5) Hillary was a flawed candidate who had trust issues. Some fair, some not. 30+ years of being vilified by the right-wing media did not help her.

6) Sexism hurt her.

7) She put her eggs in two leaky baskets. Young voters and Hispanic turnout. Neither materialized. It seems very clear at this point that these two demographic groups will continue to just not show up to the polls no matter how bad the candidate is against them or how positive the Dems push an agenda to their benefit.
 

Hindl

Member
Wow, that is one ugly map. Even in a wave election, there's no way we'd be able to win that many blood red states. Shit, 2020 it is. :/

That is the 2020 map

This is 2018. It's bad for Dems because they have a ton of states to defend. Whereas in 2020, even though they are in traditionally safe states, Rs have a shitton of seats to defend that could be taken
 

Y2Kev

TLG Fan Caretaker Est. 2009
Please show me the math.

DEM: -6M vote
GOP: -1M vote

Is your theory that 6M votes defected to the GOP and 7M GOP vote stayed home.

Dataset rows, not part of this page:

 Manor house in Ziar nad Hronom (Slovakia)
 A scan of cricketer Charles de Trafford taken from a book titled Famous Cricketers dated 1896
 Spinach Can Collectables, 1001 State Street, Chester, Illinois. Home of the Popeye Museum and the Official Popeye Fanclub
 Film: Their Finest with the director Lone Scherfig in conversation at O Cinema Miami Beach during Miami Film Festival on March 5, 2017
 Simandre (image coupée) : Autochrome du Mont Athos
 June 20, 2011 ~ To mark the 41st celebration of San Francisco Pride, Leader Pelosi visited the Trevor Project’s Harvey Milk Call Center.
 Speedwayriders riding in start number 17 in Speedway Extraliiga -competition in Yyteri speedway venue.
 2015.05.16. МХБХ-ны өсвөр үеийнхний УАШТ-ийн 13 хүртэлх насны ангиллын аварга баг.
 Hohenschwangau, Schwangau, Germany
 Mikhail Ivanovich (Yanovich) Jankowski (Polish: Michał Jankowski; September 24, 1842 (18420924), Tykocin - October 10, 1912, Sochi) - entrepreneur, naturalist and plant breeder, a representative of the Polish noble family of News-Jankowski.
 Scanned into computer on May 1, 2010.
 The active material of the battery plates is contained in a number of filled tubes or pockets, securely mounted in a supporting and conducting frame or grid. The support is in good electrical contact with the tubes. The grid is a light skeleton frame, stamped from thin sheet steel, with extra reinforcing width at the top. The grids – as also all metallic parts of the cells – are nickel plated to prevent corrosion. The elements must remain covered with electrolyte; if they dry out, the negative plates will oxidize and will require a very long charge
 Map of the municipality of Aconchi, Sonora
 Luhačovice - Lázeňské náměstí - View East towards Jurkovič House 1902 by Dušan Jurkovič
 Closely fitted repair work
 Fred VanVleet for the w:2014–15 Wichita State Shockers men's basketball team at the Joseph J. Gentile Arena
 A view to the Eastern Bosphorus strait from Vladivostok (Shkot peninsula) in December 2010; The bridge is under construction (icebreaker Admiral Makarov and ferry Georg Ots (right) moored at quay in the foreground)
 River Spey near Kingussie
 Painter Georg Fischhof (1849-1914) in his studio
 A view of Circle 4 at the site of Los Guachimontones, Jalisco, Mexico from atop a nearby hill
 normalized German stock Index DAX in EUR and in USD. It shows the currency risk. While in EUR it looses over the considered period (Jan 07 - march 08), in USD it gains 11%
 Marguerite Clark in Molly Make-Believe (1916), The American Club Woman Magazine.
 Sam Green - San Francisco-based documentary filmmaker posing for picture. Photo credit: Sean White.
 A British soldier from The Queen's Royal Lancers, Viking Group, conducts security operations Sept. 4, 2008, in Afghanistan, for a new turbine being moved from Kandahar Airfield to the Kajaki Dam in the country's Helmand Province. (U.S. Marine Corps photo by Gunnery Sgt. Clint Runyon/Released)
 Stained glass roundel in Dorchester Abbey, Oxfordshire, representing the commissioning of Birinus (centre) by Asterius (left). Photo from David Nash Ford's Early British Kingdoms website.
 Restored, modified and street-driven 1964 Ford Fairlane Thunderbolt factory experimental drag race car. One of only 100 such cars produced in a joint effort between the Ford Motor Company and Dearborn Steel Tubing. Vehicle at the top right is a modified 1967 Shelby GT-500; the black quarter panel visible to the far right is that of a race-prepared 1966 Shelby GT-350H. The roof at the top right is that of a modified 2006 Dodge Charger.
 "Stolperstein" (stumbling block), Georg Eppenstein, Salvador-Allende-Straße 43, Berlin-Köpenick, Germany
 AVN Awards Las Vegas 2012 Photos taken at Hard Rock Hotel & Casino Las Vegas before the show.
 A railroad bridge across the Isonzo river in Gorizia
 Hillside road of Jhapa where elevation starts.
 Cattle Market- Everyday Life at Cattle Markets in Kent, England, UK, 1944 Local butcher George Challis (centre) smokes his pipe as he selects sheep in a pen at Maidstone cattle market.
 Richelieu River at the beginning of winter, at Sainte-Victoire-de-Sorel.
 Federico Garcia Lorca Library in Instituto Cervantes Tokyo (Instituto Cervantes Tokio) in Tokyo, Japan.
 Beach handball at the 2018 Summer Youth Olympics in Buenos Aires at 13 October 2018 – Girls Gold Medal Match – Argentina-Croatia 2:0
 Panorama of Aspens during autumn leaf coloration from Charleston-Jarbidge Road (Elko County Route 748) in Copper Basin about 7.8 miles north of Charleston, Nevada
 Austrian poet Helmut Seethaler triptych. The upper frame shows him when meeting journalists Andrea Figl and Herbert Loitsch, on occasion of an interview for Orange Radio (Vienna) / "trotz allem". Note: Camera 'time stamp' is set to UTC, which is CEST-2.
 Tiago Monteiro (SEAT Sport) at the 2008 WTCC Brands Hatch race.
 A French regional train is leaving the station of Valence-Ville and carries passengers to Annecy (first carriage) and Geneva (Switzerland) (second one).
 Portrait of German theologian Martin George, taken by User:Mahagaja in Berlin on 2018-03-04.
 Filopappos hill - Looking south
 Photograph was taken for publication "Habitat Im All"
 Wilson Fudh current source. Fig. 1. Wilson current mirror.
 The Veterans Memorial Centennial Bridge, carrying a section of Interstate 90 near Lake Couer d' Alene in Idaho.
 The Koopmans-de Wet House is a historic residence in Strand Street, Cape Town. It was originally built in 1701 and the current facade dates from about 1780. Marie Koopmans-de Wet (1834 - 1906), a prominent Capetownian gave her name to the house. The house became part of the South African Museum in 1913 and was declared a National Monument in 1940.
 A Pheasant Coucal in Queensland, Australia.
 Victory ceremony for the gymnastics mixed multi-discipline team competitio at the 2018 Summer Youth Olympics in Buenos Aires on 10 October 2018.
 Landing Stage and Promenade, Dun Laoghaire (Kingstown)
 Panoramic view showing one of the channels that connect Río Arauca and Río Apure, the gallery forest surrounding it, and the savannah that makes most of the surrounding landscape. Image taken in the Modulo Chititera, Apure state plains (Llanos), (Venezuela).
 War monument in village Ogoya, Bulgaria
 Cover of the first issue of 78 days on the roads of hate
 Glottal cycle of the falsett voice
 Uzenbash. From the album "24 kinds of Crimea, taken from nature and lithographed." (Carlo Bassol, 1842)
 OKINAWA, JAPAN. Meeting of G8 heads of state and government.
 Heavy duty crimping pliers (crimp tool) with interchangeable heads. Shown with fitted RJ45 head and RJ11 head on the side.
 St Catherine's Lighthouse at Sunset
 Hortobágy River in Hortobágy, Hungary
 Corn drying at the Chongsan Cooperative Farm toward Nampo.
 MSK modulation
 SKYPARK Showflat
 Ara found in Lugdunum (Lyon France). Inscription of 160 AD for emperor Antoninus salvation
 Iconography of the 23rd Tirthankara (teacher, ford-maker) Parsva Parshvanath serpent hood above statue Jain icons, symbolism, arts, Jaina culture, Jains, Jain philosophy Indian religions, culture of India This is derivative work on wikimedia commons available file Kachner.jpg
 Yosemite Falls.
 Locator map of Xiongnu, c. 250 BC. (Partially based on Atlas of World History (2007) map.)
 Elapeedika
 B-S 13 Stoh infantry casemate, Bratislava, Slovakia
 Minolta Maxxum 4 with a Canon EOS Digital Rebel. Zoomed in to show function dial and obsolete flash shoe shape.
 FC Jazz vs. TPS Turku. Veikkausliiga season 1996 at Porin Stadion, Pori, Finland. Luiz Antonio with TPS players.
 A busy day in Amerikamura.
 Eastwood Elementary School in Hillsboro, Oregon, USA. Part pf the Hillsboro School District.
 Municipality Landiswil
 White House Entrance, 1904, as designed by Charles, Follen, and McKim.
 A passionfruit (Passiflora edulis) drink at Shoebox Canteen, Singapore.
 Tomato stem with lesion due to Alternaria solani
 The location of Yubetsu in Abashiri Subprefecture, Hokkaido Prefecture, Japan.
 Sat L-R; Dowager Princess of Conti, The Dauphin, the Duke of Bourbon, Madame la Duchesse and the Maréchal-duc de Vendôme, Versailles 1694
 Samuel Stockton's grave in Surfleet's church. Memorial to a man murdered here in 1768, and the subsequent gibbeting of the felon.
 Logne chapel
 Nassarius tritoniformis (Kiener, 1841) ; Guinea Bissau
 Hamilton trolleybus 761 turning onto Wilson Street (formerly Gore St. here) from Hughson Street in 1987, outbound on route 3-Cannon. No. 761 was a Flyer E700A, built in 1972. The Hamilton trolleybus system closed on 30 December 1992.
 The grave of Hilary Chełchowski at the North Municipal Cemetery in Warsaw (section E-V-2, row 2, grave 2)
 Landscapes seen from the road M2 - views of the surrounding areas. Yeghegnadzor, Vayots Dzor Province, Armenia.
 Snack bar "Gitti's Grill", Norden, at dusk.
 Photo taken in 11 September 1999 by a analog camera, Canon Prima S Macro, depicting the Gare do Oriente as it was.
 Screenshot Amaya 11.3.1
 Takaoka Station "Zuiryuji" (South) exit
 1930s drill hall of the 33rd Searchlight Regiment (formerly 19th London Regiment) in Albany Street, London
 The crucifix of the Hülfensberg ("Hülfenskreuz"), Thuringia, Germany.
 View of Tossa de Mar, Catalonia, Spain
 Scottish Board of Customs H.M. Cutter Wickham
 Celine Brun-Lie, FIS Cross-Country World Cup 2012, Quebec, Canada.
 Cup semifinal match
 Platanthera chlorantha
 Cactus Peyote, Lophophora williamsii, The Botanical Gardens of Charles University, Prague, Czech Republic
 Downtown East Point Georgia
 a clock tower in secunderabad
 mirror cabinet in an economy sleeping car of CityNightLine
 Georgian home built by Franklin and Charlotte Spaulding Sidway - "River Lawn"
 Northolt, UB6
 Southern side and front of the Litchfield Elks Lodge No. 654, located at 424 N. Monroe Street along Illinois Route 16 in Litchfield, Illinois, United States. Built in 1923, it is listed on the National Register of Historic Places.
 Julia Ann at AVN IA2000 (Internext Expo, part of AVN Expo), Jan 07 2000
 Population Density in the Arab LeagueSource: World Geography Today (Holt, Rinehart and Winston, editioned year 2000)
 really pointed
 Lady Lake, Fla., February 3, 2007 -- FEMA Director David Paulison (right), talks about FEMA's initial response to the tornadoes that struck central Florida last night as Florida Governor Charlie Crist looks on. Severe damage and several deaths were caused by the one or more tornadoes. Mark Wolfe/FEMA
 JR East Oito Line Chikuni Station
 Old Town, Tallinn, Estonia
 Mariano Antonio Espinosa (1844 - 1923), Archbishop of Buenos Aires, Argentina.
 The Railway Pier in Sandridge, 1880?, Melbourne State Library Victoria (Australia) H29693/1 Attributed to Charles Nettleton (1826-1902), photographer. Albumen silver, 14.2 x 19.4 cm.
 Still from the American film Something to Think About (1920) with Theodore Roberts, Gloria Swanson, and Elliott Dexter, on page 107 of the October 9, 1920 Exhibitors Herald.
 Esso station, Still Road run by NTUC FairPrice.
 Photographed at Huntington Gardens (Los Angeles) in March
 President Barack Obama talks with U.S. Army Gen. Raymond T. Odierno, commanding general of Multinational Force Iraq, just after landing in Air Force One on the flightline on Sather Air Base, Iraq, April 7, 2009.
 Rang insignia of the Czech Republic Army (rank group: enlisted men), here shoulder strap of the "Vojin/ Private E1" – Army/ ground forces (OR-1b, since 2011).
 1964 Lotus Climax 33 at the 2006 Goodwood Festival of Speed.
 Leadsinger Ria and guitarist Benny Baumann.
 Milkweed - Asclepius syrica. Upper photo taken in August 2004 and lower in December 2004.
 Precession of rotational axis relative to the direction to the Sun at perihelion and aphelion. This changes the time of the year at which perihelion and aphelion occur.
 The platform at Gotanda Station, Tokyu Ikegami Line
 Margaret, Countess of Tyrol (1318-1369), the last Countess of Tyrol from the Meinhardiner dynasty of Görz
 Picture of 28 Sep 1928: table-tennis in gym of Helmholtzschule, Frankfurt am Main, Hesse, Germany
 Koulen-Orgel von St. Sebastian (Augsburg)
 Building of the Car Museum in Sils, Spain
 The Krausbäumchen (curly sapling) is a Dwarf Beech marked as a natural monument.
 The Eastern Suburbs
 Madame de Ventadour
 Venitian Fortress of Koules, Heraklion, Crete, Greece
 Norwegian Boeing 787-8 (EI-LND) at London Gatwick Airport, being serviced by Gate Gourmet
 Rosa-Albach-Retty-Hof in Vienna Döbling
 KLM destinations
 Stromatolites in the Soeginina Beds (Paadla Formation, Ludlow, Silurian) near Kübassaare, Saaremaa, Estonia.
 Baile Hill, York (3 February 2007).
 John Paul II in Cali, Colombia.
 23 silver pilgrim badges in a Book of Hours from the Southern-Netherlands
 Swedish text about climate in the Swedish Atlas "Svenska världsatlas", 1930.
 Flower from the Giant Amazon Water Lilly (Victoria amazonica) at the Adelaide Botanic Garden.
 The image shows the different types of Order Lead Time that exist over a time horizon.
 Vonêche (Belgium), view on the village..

We can look at WI numbers again
GOP: +1500 votes
DEM: -270K votes

Lost by 20K

Look at what Nate Cohn is saying. Turnout was strong in FL/PA and she still lost despite having record support in urban counties. These are flipped voters.

I don't think we can look at this nationally. There are clearly some states where this matters more than others.
 

Debirudog

Member
Clinton diseased the campaign with hubris and poor strategy, Comey inflicted the deathblow. According to GOD Nate, 2% more vote for Clinton would have given her the 300+ EV win everyone predicted.

She still should have pulled out a narrow victory in spite of Comey if they prepared better and weren't waiting for a coronation.

Comey was unavoidable bullshit.
 

thefro

Member
Looking at the Senate maps, pretty obvious we need to pick up some seats in the South/Mountain West somehow (which is going to require some good moderate Dem candidates).

Obviously DC/Puerto Rico statehood would help.